There was a time I cried in rooms you didn’t notice. When I carried us both while you watched from the sidelines, calling it love.
I asked for your hands — you gave me silence. I asked for effort — you gave me excuses. And slowly, a wall grew between us that neither of us named.
Then I broke. Not in one loud shatter — but in a thousand soft ways until someone else offered me what I should’ve had with you.
I’m not proud of that chapter. But I won’t lie about it either. Because the truth is, I was starving and you were asleep.
But something strange happened when I stopped begging — when I stood in my power, when I said “no more” to the version of love that drained me.
I told you the truth: if it didn’t change, we were done. And for the first time, you heard me.
You changed. You worked. You tried. You showed up.
Not with flowers or grand words — but with your hands in the dirt, doing the work we both had left undone.
And here’s what I never said aloud — I never stopped loving you. Even when I was breaking. Even when I was gone.
And now, as one door closes behind me, I look at you — not as the man you were, but the one you're becoming.
And I wonder…
> Maybe love isn’t always a fairytale. Maybe it’s what survives after the storm.
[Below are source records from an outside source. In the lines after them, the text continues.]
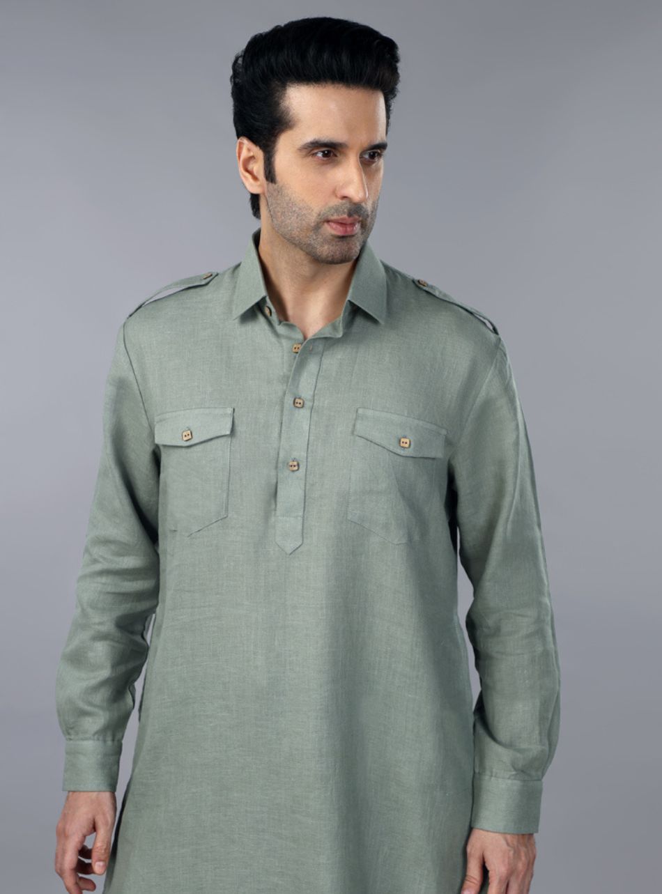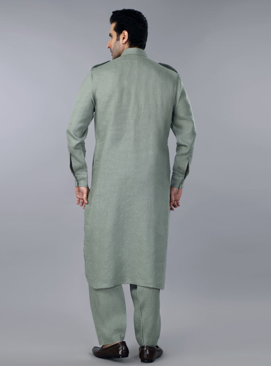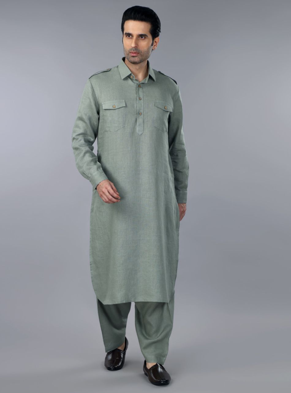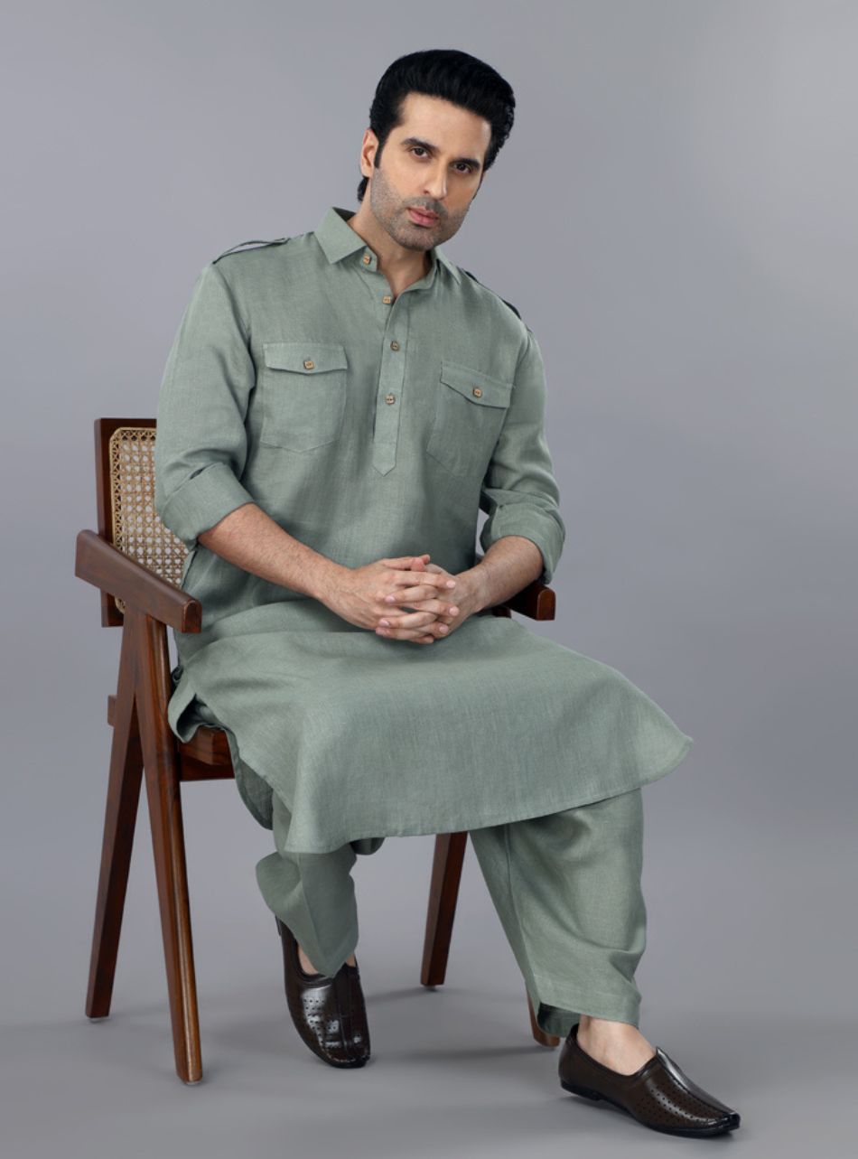 Sage Green Linen Pathani Suit
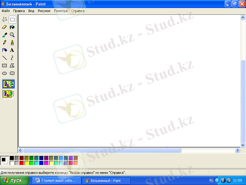 PAINT графикалық редакторын іске қосу үшін: БАСТАУ→ БАРЛЫҚ БАҒДАРЛАМАЛАР →СТАНДАРТТЫ→ PAINT (ПУСК →ВСЕ ПРОГРАММЫ →СТАНТАРТНЫЕ→ PAINT) әрекеттерін орындаймыз. Сол кезде бізге PAINT графикалық редакторының терезесі ашылады.
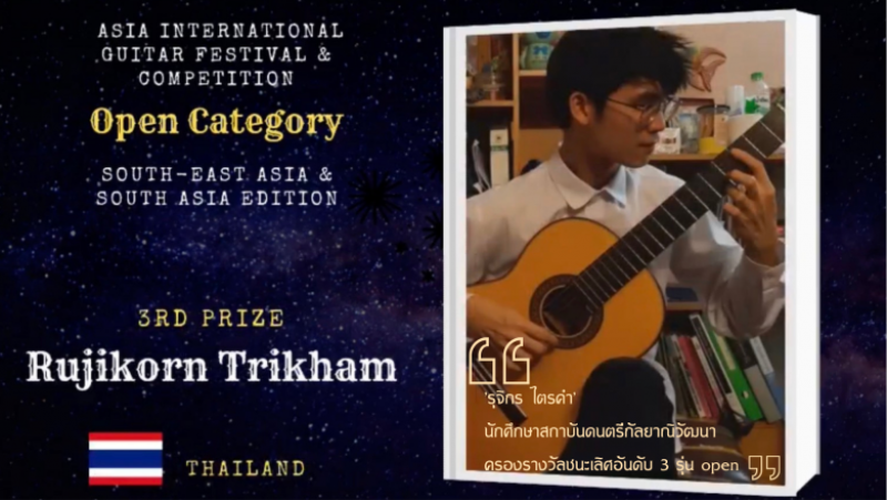 tui sakrapee October 22, 2021 นักศึกษาสถาบันดนตรีกัลยาณิวัฒนาโชว์ฝีมือคว้ารางวัลชนะเลิศอันดับที่ 3 ในรุ่น open การแข่งขันกีตาร์คลาสสิกระดับนานาชาติ tui sakrapee October 22, 2021 นักศึกษาสถาบันดนตรีกัลยาณิวัฒนา “รุจิกร ไตรคำ” สร้างชื่อให้แก่สถาบัน โดยคว้ารางวัลชนะเลิศอันดับที่ 3 ในรุ่น open การแข่งขันกีตาร์คลาสสิก Asia International Guitar Competition 2021 ที่จัดขึ้นเป็นประจำทุกปี โดยมีการแข่งขันทั้งหมดสองรุ่นคือ 1. รุ่น Junior อายุต่ำกว่า 18 ปี 2. รุ่น Open ไม่จำกัดอายุ โดยในปีนี้จะโฟกัสไปที่ประเทศเอเชียใต้และเอเชียตะวันออกเฉียงใต้ นักศึกษาสถาบันดนตรีกัลยาณิวัฒนา นายรุจิกร ไตรคำ ได้รับรางวัลชนะเลิศอันดับที่ 3… Continue Reading
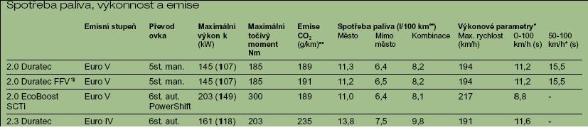 • Začíná se dodávat nový přeplňovaný zážehový motor 2.0 EcoBoost SCTi 203 k. Bude kombinován výhradně s dvouspojkovou 6st. automatickou převodovkou PowerShift.
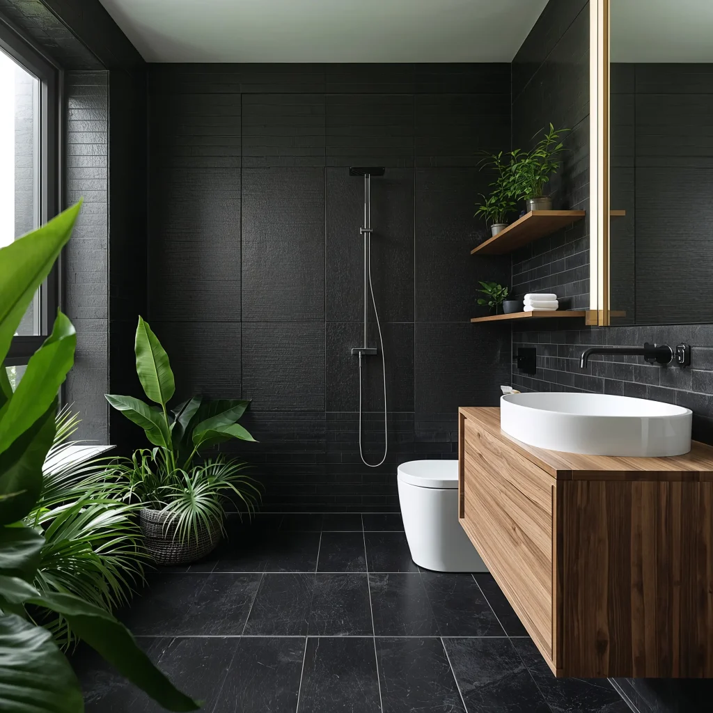 Here’s where things get interesting. Black tiles plus lush greenery equals instant spa vibes. The contrast between the dark, hard tiles and soft, living plants creates this amazing balance that just works.

Maybe we begin again — not because we forget, but because we finally see each other clearly.
You see me now— not as background, not as duty, but as the woman who almost left because she had to. Because loving you was breaking her.
I am not the girl who waited for you to care. I am the woman who looked you in the eye and said,
> “Either meet me in this love— or let me go.”
And you chose to stay. Not in word, but in action. In the quiet mornings where your hands helped. In the evenings when your eyes finally saw the weight I carried for years.
I am not asking for a perfect ending. I am asking for honesty. For presence. For two souls who’ve hurt, and still choose to heal with each other.
Because the truth is— I still love you. I never stopped. Not even when I was furthest from you. Not even when I broke.
But now, I love you differently.
Not with desperation, but with boundaries. Not with silence, but with truth.
If we begin again, we begin as equals— both of us awake. Both of us willing. Both of us here.